DIRECTIONS =
Give all of the data again exactly as written, omitting every image.

*** DATA ***

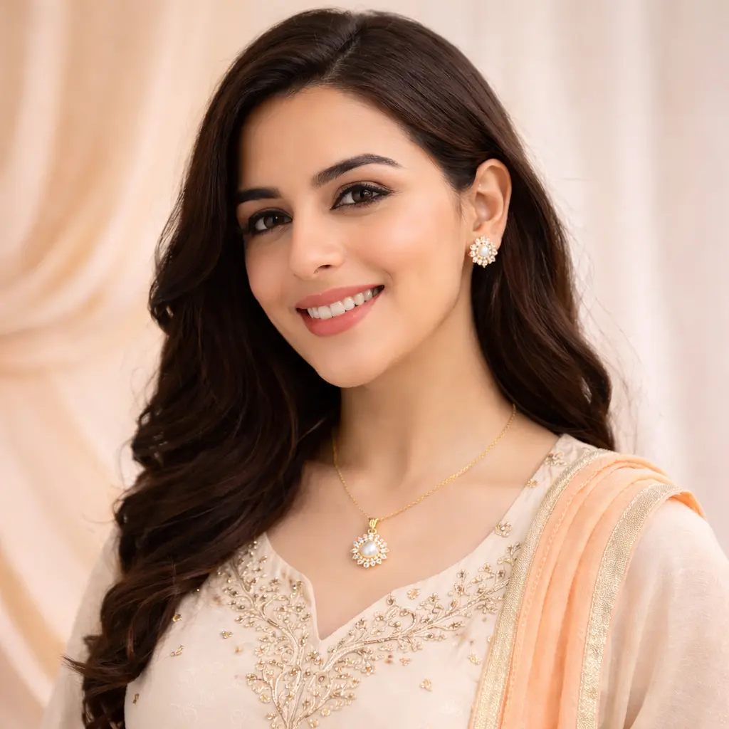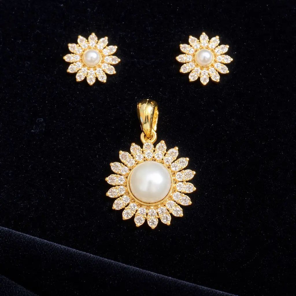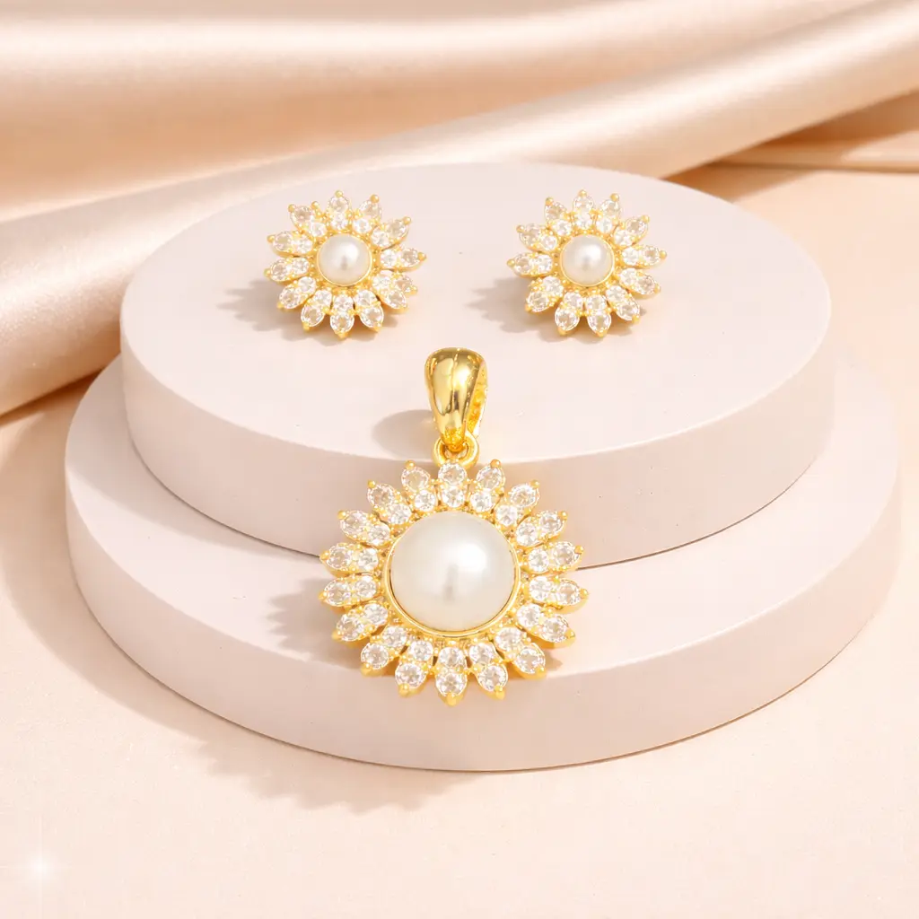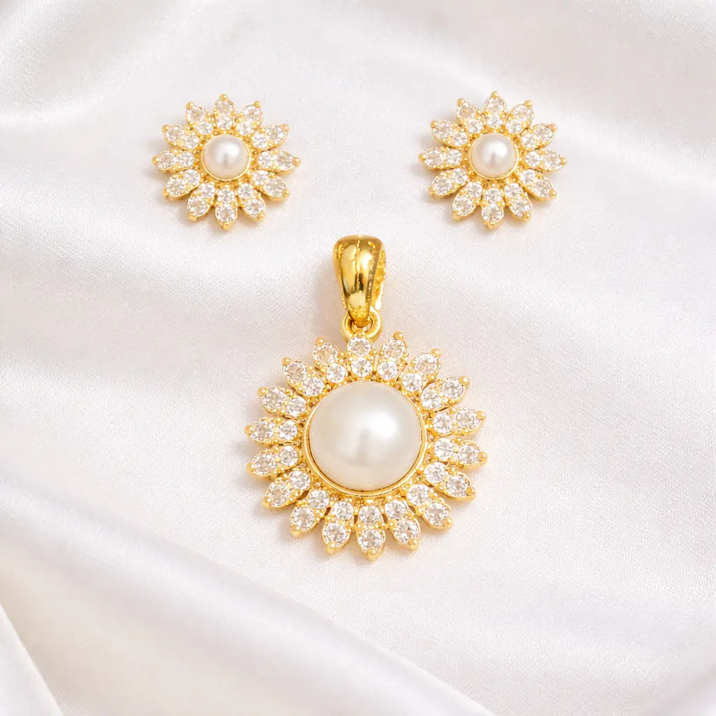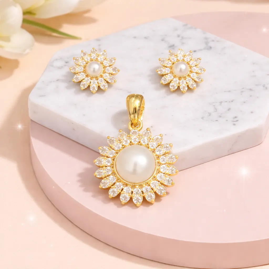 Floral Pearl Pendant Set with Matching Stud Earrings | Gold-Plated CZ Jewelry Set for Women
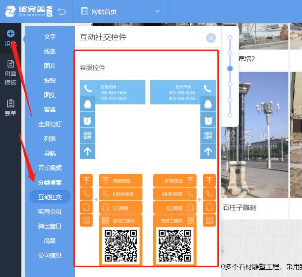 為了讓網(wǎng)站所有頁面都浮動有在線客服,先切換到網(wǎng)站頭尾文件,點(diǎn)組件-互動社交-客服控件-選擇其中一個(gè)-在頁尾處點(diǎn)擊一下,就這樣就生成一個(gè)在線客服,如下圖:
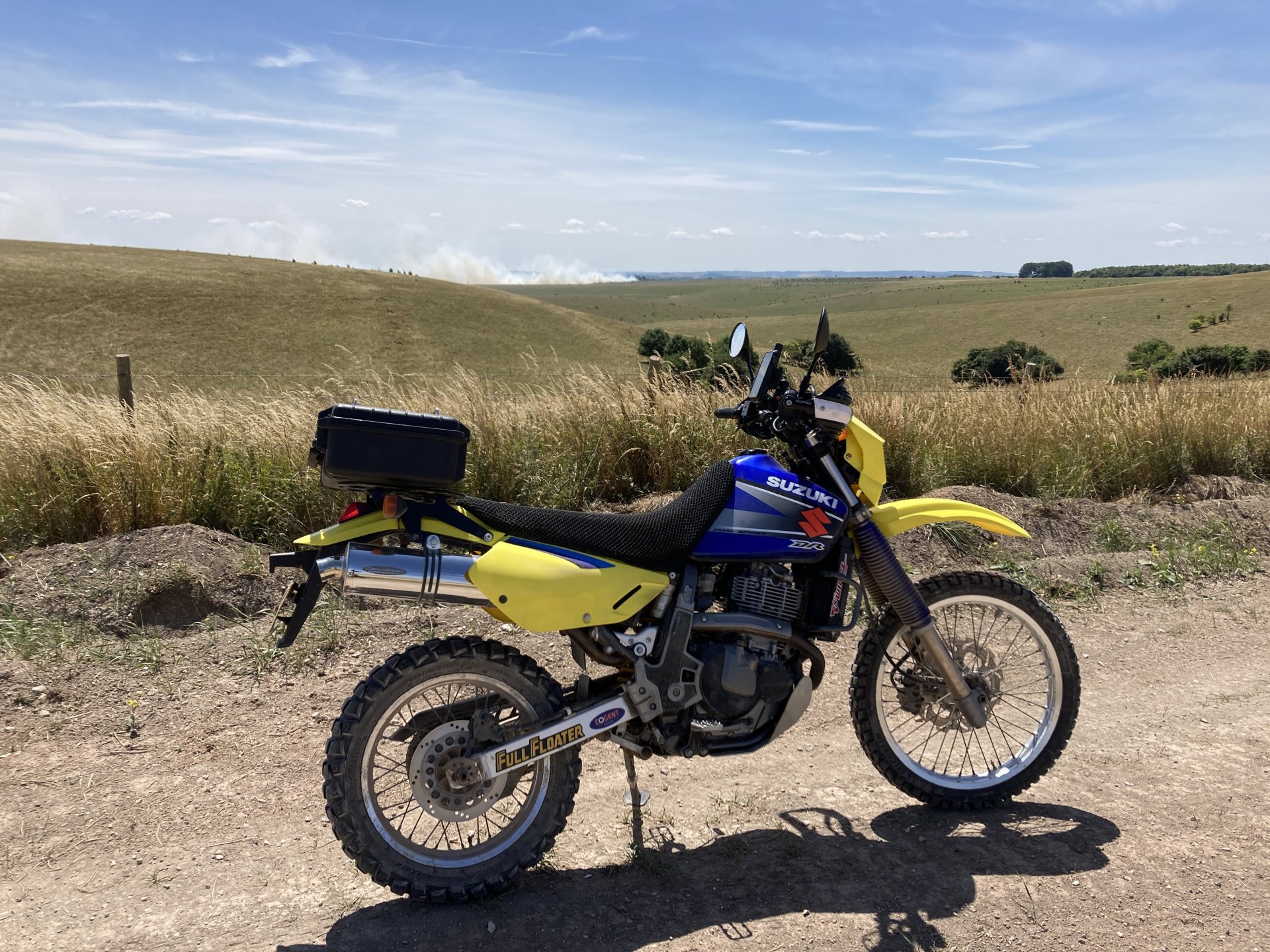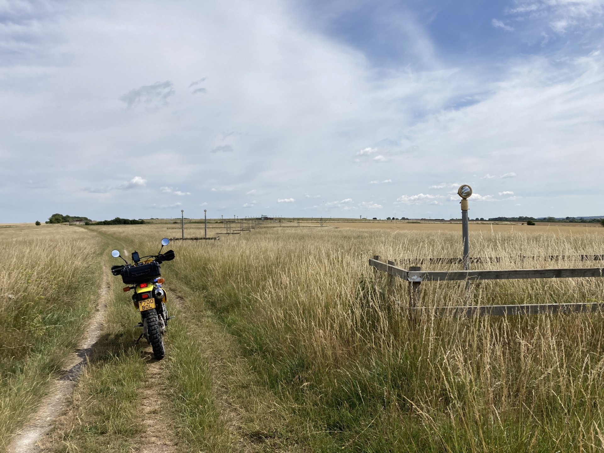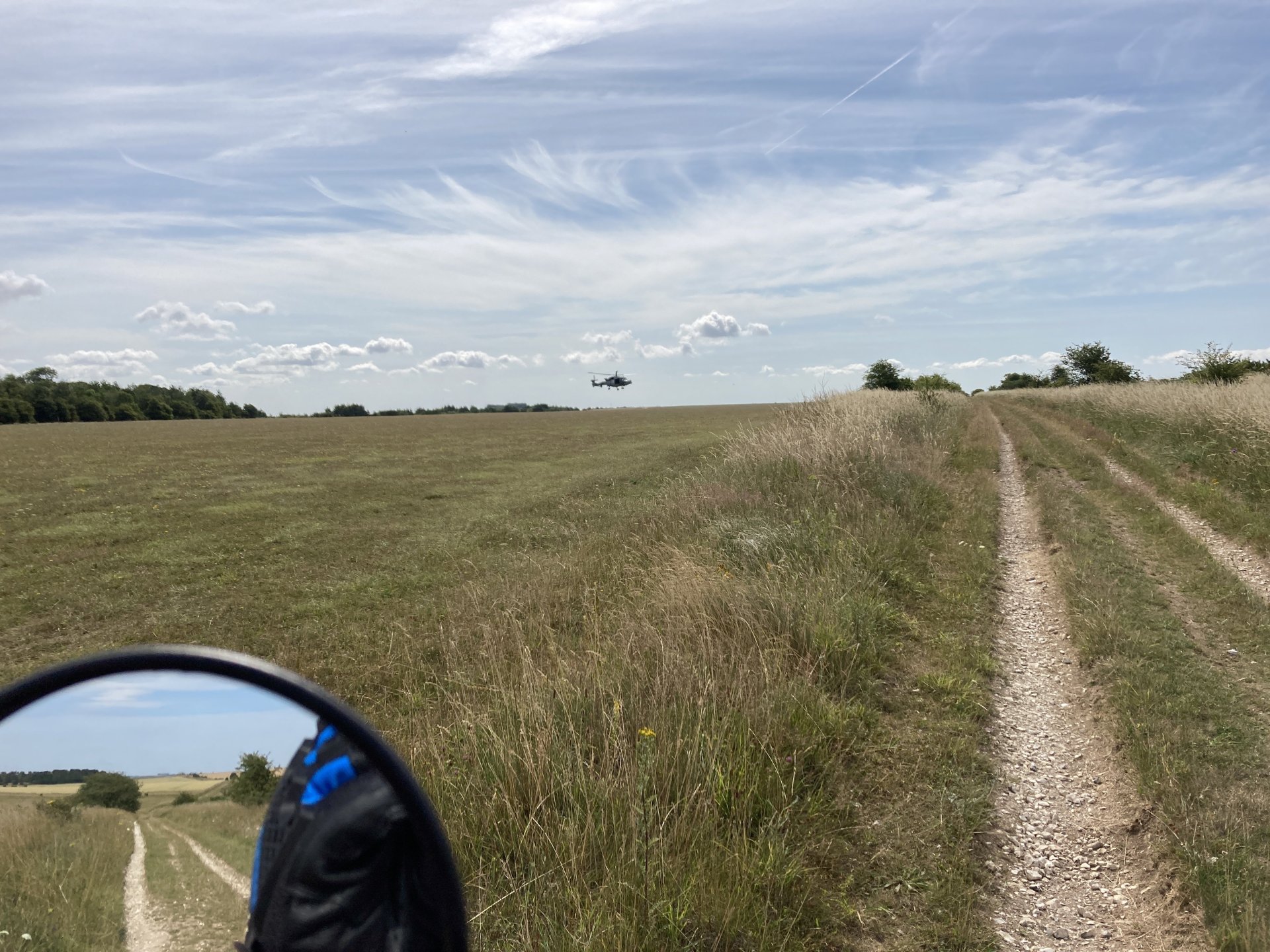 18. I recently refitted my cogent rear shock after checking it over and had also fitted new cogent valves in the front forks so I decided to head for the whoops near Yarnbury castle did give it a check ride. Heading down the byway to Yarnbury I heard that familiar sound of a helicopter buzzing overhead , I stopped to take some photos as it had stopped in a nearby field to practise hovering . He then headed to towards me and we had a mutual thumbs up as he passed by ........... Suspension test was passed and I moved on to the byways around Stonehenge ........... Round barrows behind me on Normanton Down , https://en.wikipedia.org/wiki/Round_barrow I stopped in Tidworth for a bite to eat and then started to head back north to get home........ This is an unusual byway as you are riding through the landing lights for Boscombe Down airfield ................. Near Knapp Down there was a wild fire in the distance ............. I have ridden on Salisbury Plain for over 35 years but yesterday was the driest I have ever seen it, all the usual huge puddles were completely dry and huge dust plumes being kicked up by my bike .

*** End of DATA ***

TASK RESULT =
 Floral Pearl Pendant Set with Matching Stud Earrings | Gold-Plated CZ Jewelry Set for Women
 為了讓網(wǎng)站所有頁面都浮動有在線客服,先切換到網(wǎng)站頭尾文件,點(diǎn)組件-互動社交-客服控件-選擇其中一個(gè)-在頁尾處點(diǎn)擊一下,就這樣就生成一個(gè)在線客服,如下圖:
 18. I recently refitted my cogent rear shock after checking it over and had also fitted new cogent valves in the front forks so I decided to head for the whoops near Yarnbury castle did give it a check ride. Heading down the byway to Yarnbury I heard that familiar sound of a helicopter buzzing overhead , I stopped to take some photos as it had stopped in a nearby field to practise hovering . He then headed to towards me and we had a mutual thumbs up as he passed by ........... Suspension test was passed and I moved on to the byways around Stonehenge ........... Round barrows behind me on Normanton Down , https://en.wikipedia.org/wiki/Round_barrow I stopped in Tidworth for a bite to eat and then started to head back north to get home........ This is an unusual byway as you are riding through the landing lights for Boscombe Down airfield ................. Near Knapp Down there was a wild fire in the distance ............. I have ridden on Salisbury Plain for over 35 years but yesterday was the driest I have ever seen it, all the usual huge puddles were completely dry and huge dust plumes being kicked up by my bike .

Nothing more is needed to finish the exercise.